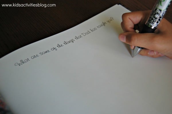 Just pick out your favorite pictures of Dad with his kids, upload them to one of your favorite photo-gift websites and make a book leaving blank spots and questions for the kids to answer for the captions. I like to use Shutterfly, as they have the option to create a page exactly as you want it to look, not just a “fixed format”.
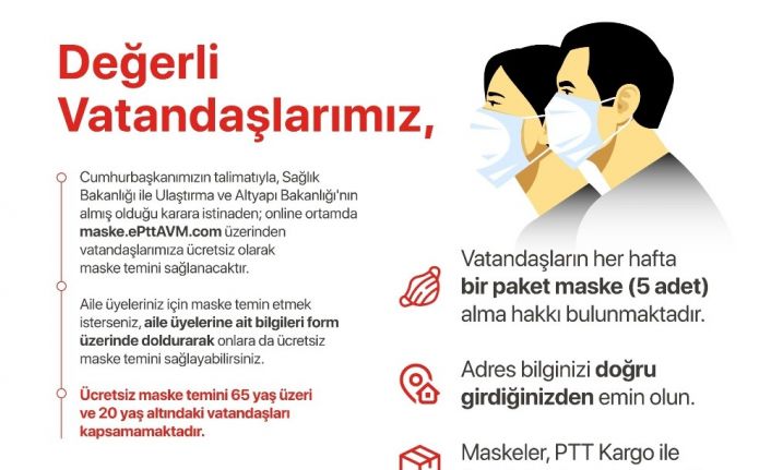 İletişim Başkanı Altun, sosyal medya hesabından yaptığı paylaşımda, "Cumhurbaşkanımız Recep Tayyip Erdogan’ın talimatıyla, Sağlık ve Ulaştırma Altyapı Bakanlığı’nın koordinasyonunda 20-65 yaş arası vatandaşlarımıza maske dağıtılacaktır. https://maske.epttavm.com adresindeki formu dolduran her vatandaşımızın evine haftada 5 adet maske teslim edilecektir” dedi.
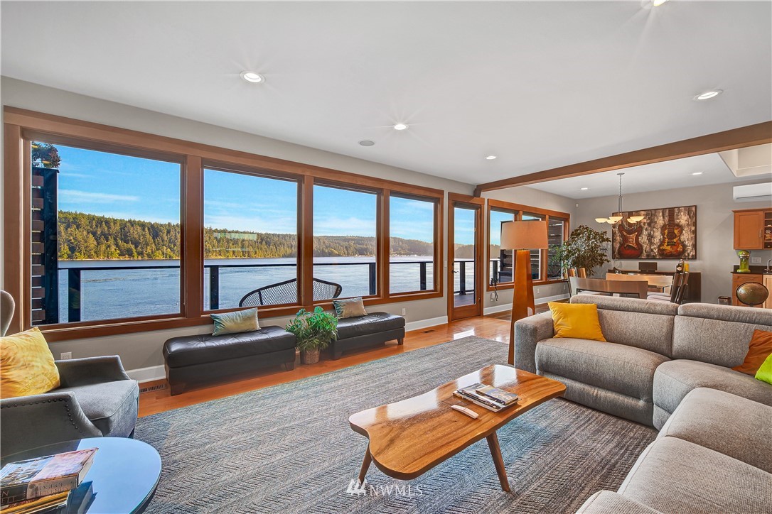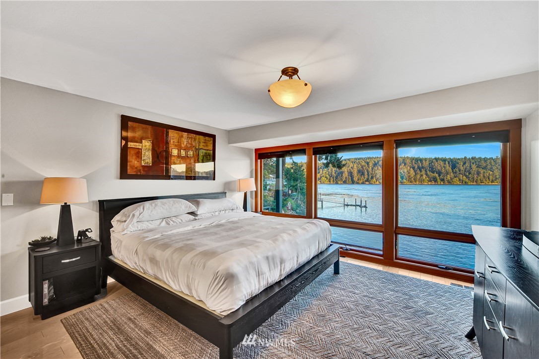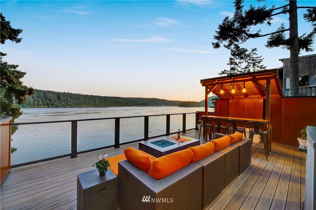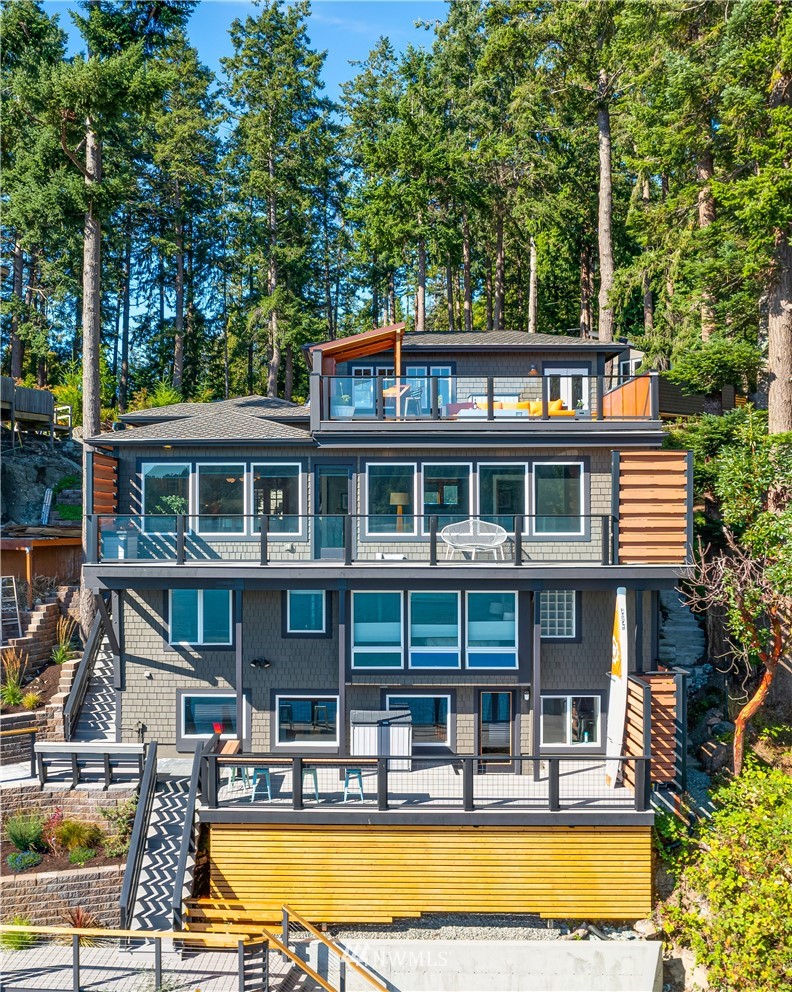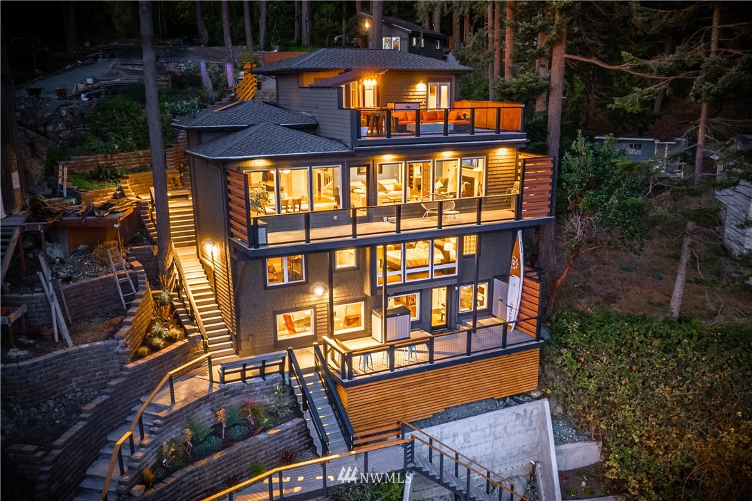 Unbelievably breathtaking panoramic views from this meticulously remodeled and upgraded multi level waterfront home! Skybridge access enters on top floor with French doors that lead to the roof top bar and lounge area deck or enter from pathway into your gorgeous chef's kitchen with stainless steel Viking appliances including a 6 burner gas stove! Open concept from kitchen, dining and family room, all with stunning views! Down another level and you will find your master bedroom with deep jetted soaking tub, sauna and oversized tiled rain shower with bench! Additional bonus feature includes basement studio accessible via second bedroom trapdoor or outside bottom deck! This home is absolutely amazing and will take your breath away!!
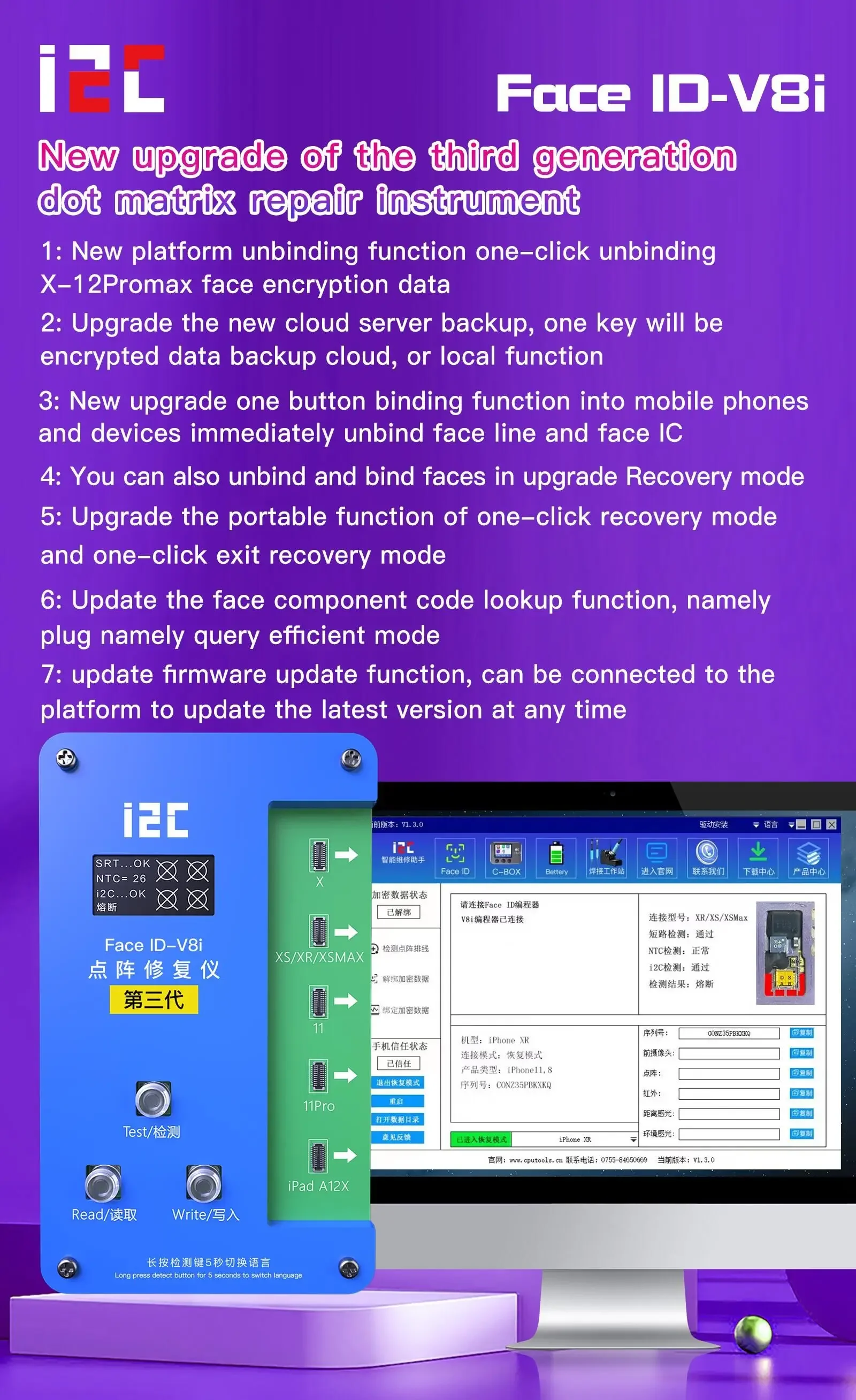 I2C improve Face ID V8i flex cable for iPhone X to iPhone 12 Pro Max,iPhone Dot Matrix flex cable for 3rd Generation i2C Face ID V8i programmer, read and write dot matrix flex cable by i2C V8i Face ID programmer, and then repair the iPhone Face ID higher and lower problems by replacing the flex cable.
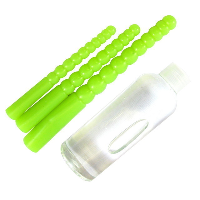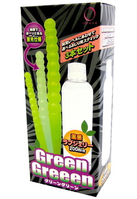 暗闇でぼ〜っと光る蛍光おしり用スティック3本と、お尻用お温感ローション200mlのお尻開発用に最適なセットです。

■ WHAT TO WORK ON ■
Output all the records above again exactly, with the pictures dropped.

■ ANSWER BELOW ■
 Just pick out your favorite pictures of Dad with his kids, upload them to one of your favorite photo-gift websites and make a book leaving blank spots and questions for the kids to answer for the captions. I like to use Shutterfly, as they have the option to create a page exactly as you want it to look, not just a “fixed format”.
 İletişim Başkanı Altun, sosyal medya hesabından yaptığı paylaşımda, "Cumhurbaşkanımız Recep Tayyip Erdogan’ın talimatıyla, Sağlık ve Ulaştırma Altyapı Bakanlığı’nın koordinasyonunda 20-65 yaş arası vatandaşlarımıza maske dağıtılacaktır. https://maske.epttavm.com adresindeki formu dolduran her vatandaşımızın evine haftada 5 adet maske teslim edilecektir” dedi.
 Unbelievably breathtaking panoramic views from this meticulously remodeled and upgraded multi level waterfront home! Skybridge access enters on top floor with French doors that lead to the roof top bar and lounge area deck or enter from pathway into your gorgeous chef's kitchen with stainless steel Viking appliances including a 6 burner gas stove! Open concept from kitchen, dining and family room, all with stunning views! Down another level and you will find your master bedroom with deep jetted soaking tub, sauna and oversized tiled rain shower with bench! Additional bonus feature includes basement studio accessible via second bedroom trapdoor or outside bottom deck! This home is absolutely amazing and will take your breath away!!
 I2C improve Face ID V8i flex cable for iPhone X to iPhone 12 Pro Max,iPhone Dot Matrix flex cable for 3rd Generation i2C Face ID V8i programmer, read and write dot matrix flex cable by i2C V8i Face ID programmer, and then repair the iPhone Face ID higher and lower problems by replacing the flex cable.
 暗闇でぼ〜っと光る蛍光おしり用スティック3本と、お尻用お温感ローション200mlのお尻開発用に最適なセットです。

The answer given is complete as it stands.